First of all what is photography? It is to capture an image that an artist or in this case photographer envisioned. A camera is all but a tool. Nothing more. Specs don't matter. I was all after specs and sharpness and my photos were shit, after $1000s spent. Sharpness and DR don't make good photos. Most likely the bad photos look even worse. I can show you some low res blurry photos which are way better than anything produced by modern cameras.

Now, if an artists judges that one tool is better at capturing his vision and even if it's more expensive, than that's the right tool for them. Even if according to some marketing guy at Nikon or Canon that camera has inferior specs.
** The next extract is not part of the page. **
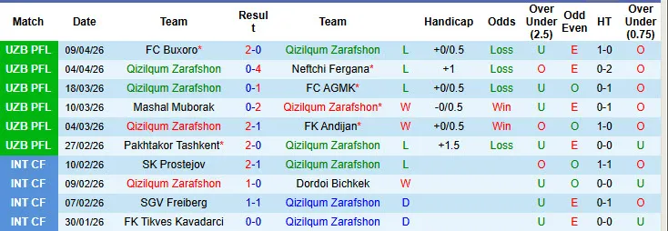 Thống kê phong độ 10 trận đấu gần nhất của Qizilqum Zarafshon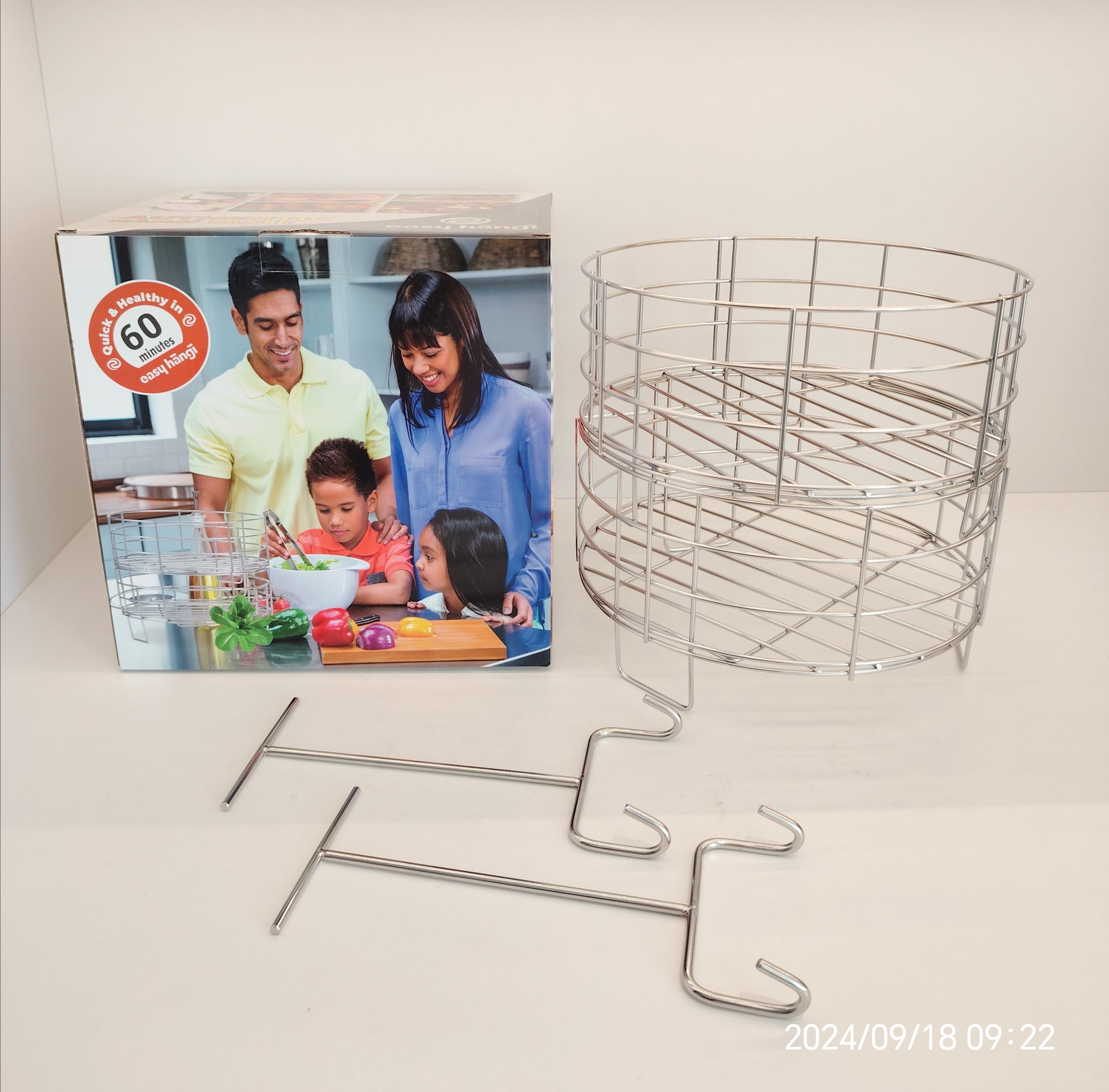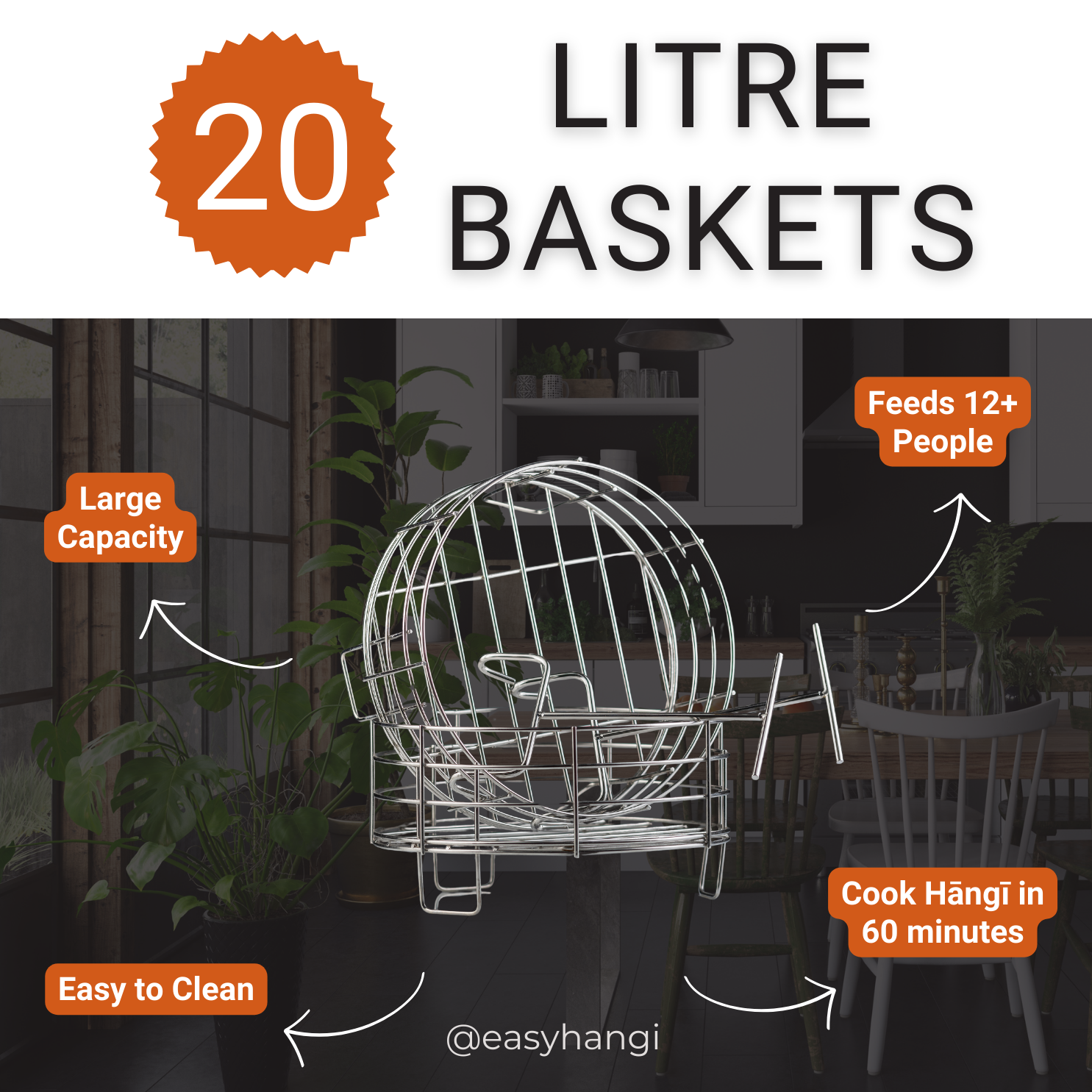 The 2 x 20 litre baskets should be used in a 20 litre pot able to handle the heat for Easy Hāngī cooing (15mins on stove full heat with no water in pot then add 1.5 litres hot from tap. And cook for 45mins more...).

People were making amazing photos in 50s and 60s. And it was always about the photographer. This still holds true today.

I for one would like a Leica, simply because the user experience is different. With my ancient hasselblad which doesn't even take batteries, I capture images better than I did before with my technological marvel of camera. Why? Because now I know what photo I want to make... not just walk around and pointlessly snap away hoping to get lucky.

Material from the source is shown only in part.